Strong female characters require a lot more than mere muscle or a quick trigger finger. Both these attributes can be fine, but they’re precisely that–attributes–not a personality. Left on their own to define any character, all they can do is prop up a cardboard cutout of what was supposed to be a person.
Writers who make this mistake often do so with the very best of intentions. They generally want to write a woman who can handle herself in confrontations and be the story’s hero, subverting the tired old “damsel in distress” trope. And that’s certainly fair enough (I hate that trope, too!), but the key to any strong character–male or female–is a three-dimensional personality.
How about an example?
Agent Dana Scully of The X-Files is one done very right. Yes, she is tough. During the show’s run, she is adept in situations regarding fighting or gunplay. But there’s so much more to the character. She has a soft spot for junkfood (and even longs for a pizza while performing an autopsy!); has complicated relationships with both her partner and her family; possesses an analytical, scientific mind; and examines her faith at various points in the series.

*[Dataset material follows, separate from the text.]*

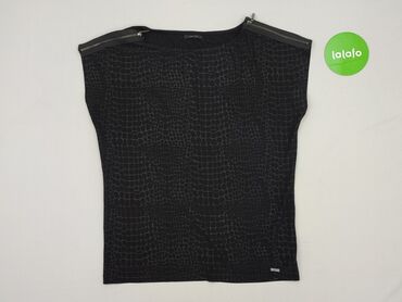 Krótki rękawCzarna damska bluzka z krótkim rękawem, ozdobiona unikatowym wzorem imitującym skórę węża na całej powierzchni. Bluzka posiada eleganckie detale w postaci zamków błyskawicznych na ramionach, które dodają jej nowoczesnego charakteru. Okrągły dekolt zapewnia klasyczny wygląd, a luźny fason gwarantuje komfort noszenia. Idealna do casualowych stylizacji, pasująca zarówno do spodni, jak i spódnic.

So, what does the above list of traits have to do with Scully being a strong female character? Everything. Because even if she didn’t know how to fight or use a gun, she’d still be a strongly written character. Period.
As mentioned earlier, this doesn’t mean that a strong female character can’t be a badass, merely that she has to be more than that label. Vulnerabilities, quirks, and unique perspectives are part of what makes any character “strong,” and women should never be an exception to the rule.